When we have children was the unspoken end cap to that statement. Natalie clamped her lips together. “I didn’t agree to you being gone mentally and physically for years before you made partner.”

“It’s very possible for both partners to have demanding schedules, yet still enjoy a satisfying, committed marriage,” Dr. Lindstrom pointed out. “What characterizes those relationships, however, is a commitment to the marriage, and an equally strong commitment to communicating early, often, and well.” She looked at the clock on the wall and set her notebook on her desk. “We’ll continue next week, but before we meet again I’d like for the two of you to find some time to spend together. It doesn’t have to be a date. Get breakfast, or a coffee, if that’s all the time you have, but do something together and just talk to each other. I’ll see you at the same time next week.”

They rode down in to street level in silence. Shane left his BlackBerry in his pocket, probably because there was no reception in the elevator shaft. “Find some open time in the Gmail calendar and schedule the date,” he said as he watched the numbers tick down.

“I’m not your admin, Shane,” she replied as she rummaged through her purse in search of her Metrocard.

A ding in the tense silence announced their arrival at the first floor. After a moment, Shane said, “Do you have time to—”

“I’ll do it,” she said brusquely, then stalked out of the elevator and across the polished granite floors to the street.

Out on Park Avenue he said, “See you at home,” and turned for the 4/5 to Wall Street.

Again, no kiss. Her mouth tingled suddenly as the sweet pressure of his lips against hers swept through her body’s memory.

“Shane,” she called when he was a couple of steps away. He turned to face her. “You say you’re doing this for us, so I can stay at home when we have kids. But if we don’t fix this now, there won’t be an us after you make partner.”

A muscle tightened in his jaw. The cold breeze caught her hair, restrained in a ponytail, and tugged at his suit jacket. It opened, revealing the tapering line of his torso, clad in a crisp white shirt, his black leather belt gleaming in the belt loops of his suit pants. “Is that a threat, Natalie?”

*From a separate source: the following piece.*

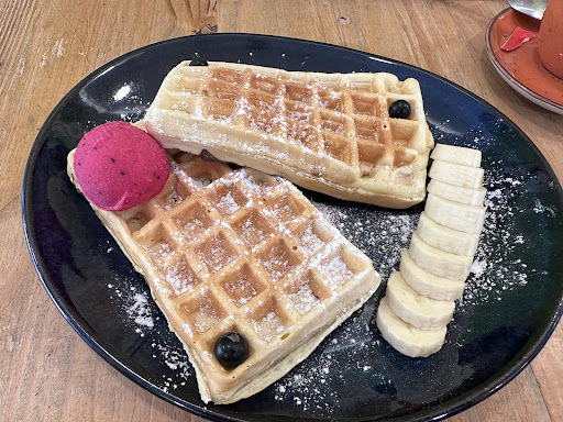 We were the first customer in the morning. But the tables and chairs were littered with bread crumbs. Seemed like they didn’t clean the place. Food was decent, service was unfriendly. Ordered waffle with red-fruit ice cream, banana, and Kinder chocolate. The waitress just said, no, no more. I asked her, no more of what? No banana, no ice cream or no waffle? She said they ran out of the Kinder chocolate spread. I asked if she could replace that with other chocolate spread they had (they had on a different item some other chocolate spread). She reluctantly agreed. We needed an additional plate and cutleries for our young kid, and had to request repeatedly.

“No,” she said bleakly. The truth hurt, made her ache inside when she let the possibility of their marriage failing enter her mind, but she couldn’t go on like this. “It’s a fact.”





Chapter Two





McFarlands looked like an episode of Suits Gone Wild, the party raucously close to out of control when Shane took the lull in the conversation to pull his cell phone from his pocket and check for a text from Natalie. Nothing. No missed calls, either. “God damn it, Nat,” he muttered.

The partner announcements had gone out this afternoon at four, and to his utter shock, he was on the list. A year early. A whole fucking year early. Not because he was his father’s son, or his uncles’ nephew, but because he’d earned it. Blood, sweat, and a fine start on an ulcer, but he’d done it.

At what cost?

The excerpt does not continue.